LA NUIT DANS LE BLOCK
«La nuit l’aération est presque nulle et plus de 500 hommes dorment entassés dans une odeur d’urine et de vêtements mouillés. Dans cette cohue de dormeurs, les uns rêvent à voix haute, les autres le disputent. Le sommeil est un des derniers bastions où l’individu peut s’appartenir. On voudrait avant de s’endormir, penser à sa famille, imaginer le retour chez soi. L’obsédante faim dessine des images de pain blanc qui ont parfois une priorité fugitive sur les visages aimés. Ce cinéma interne dure peu, la fatigue endort vite malgré la position incommode, l’entassement infect, les pieds du voisin sous le nez. La lutte contre le repos nocturne est méthodiquement organisée par les SS. Ces moments de délassement relatif sont de courte durée. L’alerte retentit le plus souvent vers minuit et c’est la ruée obligatoire sous les coups de schlague et de planches, vers des caves.»
Louis Maury, Quand la haine élève ses temples, Imp. Gutenberg. Louviers, 1950
GROSS ALARM
«Nous étions voisins de Hambourg, que la RAF bombardait presque chaque nuit ; en outre, les avions anglais traversaient le ciel pour s’enfoncer plus loin dans le pays. Chaque fois qu’une escadrille était signalée à quatre vingt kilomètres, la Voralarm retentissait. Toutes les lumières s’éteignaient. Il fallait alors s’habiller dans l’obscurité totale, sans quitter sa paillasse et attendre, avec l’angoisse de ce qui allait suivre et que nous ne connaissions que trop bien. […] Généralement, après ce bref lever de rideau qui nous semblait interminable, la sirène de la gross Alarm déchirait le silence. On se levait en grande hâte, on se ruait dans les caves. Il arrivait souvent que la gross Alarm sifflât sans avertissement. C’était le pire : car nous devions alors nous vêtir précipitamment. Les stubedienst, dans l’obscurité profonde, frappaient en hurlant, au hasard, sur les paillasses où s’attardaient les malhabiles. Il semblait que la nuit accrût leur férocité.»
Louis Martin-ChauffieR, L’Homme et la bête, Gallimard, Paris, 1947
ALERTES
«Ce petit bâtiment […] avait des caves aménagées en chambres fortes avec portes en fer et c’est dans ces caves que les travailleurs forcés du grand hall étaient amenés au moment des alertes. Il s’agissait, pour les Allemands, moins de nous mettre à l’abri, ce dont ils se moquaient éperdument, que de nous mettre sous clef afin d’empêcher des évasions, pendant que les posten et les SS se calfeutraient dans les bunkers.»
Emile Janvier, Retour, Imp. Alençonnaise, Alençon, 1952.
LE DIMANCHE AUX LATRINES
«Il est un endroit où nos bourreaux ne viennent pas nous tracasser : les latrines, où nous nous réunissons pour confronter les nouvelles que nous puisons au hasard des Kommandos de travail. Assis sur une vingtaine de trous en bois, régulièrement lavés au chlorure de chaux, côte à côte, nous tenons le «conseil de cabinet». Cette plaisanterie facile a le don de nous réjouir. Debout, contre nos genoux, d’autres initiés faisant semblant d’attendre leur tour prennent part à la conversation. Par crainte de mouchardage d’un étranger, Français et Belges parlent à haute voix, dans un argot souvent incompréhensible.»
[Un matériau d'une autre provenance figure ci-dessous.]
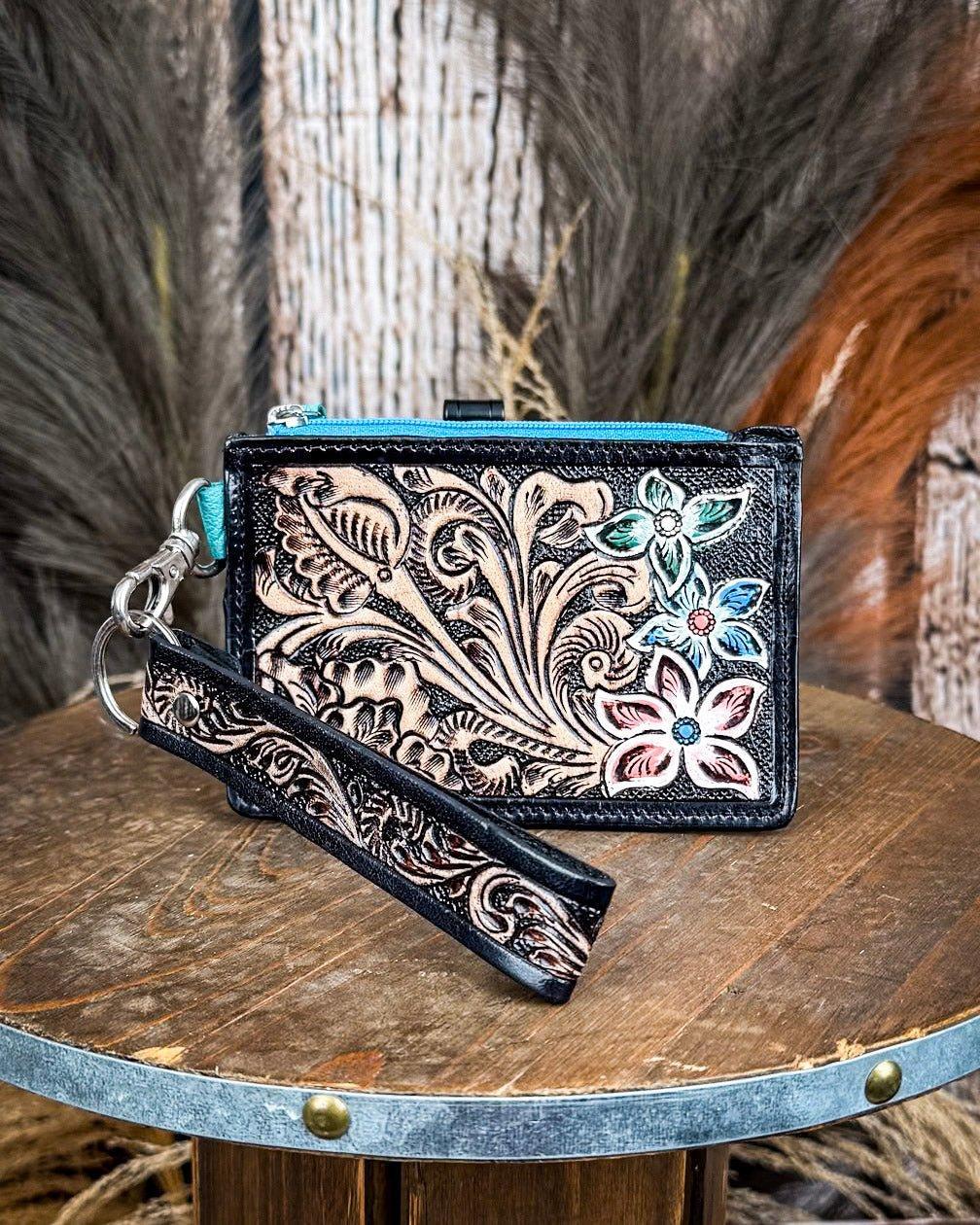 The front of the wallet features intricate, hand-carved floral patterns, each petal and leaf etched with care into premium black leather. Accented with hand-painted prickly pear cactus blossoms in turquoise, teal, and blush pink, the wallet is a perfect tribute to the untamed Southwest. The colorful design pops against the rich black leather backdrop, while the vibrant turquoise zipper adds an extra splash of personality.
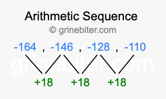 So, what type of sequence is -164, -146, -128, -110? The sequence -164, -146, -128, -110 has a common difference of +18 between each term. We call this kind of sequence an arithmetic sequence. Below is an image illustrating the correlation between the arithmetic sequence -164, -146, -128, -110 and its common difference of +18.
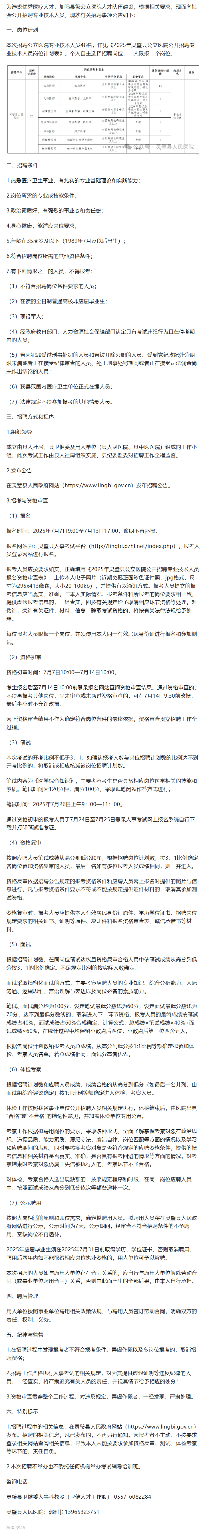 灵璧县人民医院2025年公开招聘专业技术人员公告
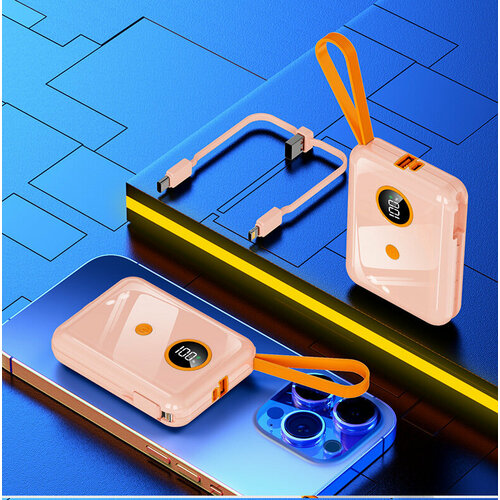 Повербанк mini с цветным дисплеем, внешний аккумулятор для телефона, 10000 мА·ч, розовый
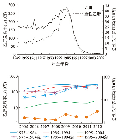 不同年代出生人群乙肝发病情况分析表明,乙肝疫苗的接种在乙肝疫情防控方面有重大作用。自1986年中国开始使用乙肝疫苗以来,福建省在此之后出生的人群乙肝发病率呈直线下降趋势;特别在2002年乙肝疫苗纳入儿童计划免疫后,发病率再降新低。虽然1975—1984年出生人群的乙肝和急性乙肝发病率高于1985—2004年出生人群,但是后者的年均增长速度高于前者。
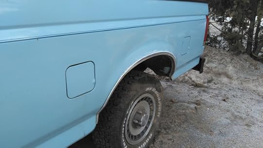 From Reid Cunningham: "Circa 1990 Ford F-150 in Boscawen NH. An old-fashioned work truck hopefully getting what it needs to get back on the road. It looks to have had a quick repaint. The popped hood, lack of wipers and a chunk of firewood under the rear wheel to keep it from rolling indicates it has a way to go. It's location in front of the repair shop is a hopeful sign. 4x4, 4 speed manual, bench seat, base trim and the two fuel doors for dual tanks suggest a utility-oriented truck.

Louis Maury, Quand la haine élève ses temples, Imp. Gutenberg. Louviers, 1950
«Dans chaque Block, il existait des «Waschräume» (lavabos), mais seulement 20 Tinettes pour les 800 à 900 hommes. Impossible donc, pour eux, de se laver et d’aller aux toilettes. Quand nous pouvions nous rapprocher des robinets et nous pouvions nous essuyer, nous n’avions aucune possiblité de changer de chemise. J’ai gardé la mienne plusieurs mois. Mais surtout je tenais fortement serrée ma veste entre mes jambes, sinon elle disparaissait. C’était réellement la loi de la Jungle»
Jankiel Klajman, extrait archives privées «J’ai été le matricule 31613«,
ORGANISER
«Le vol était chose si naturelle que le mot n’était jamais employé. Le verbe «organiser» était en revanche très utilisé et traduit en toutes langues. «Organiser» c’était s’approprier quelque chose à son profit, ou à celui de quelque œuvre à laquelle on s’intéressait. […] Une autre expression d’origine française avait été adoptée, surtout par les Russes et les Polonais : «faire comme-ci, comme-ça». Quand on demandait à l’un d’eux comment il s’était procuré telle chose, il répondait souvent : «Je l’ai eue, comme-ci, comme-ça.»
Marcel PRENANT, Toute une vie à gauche, Encre éditions, Paris, 1980.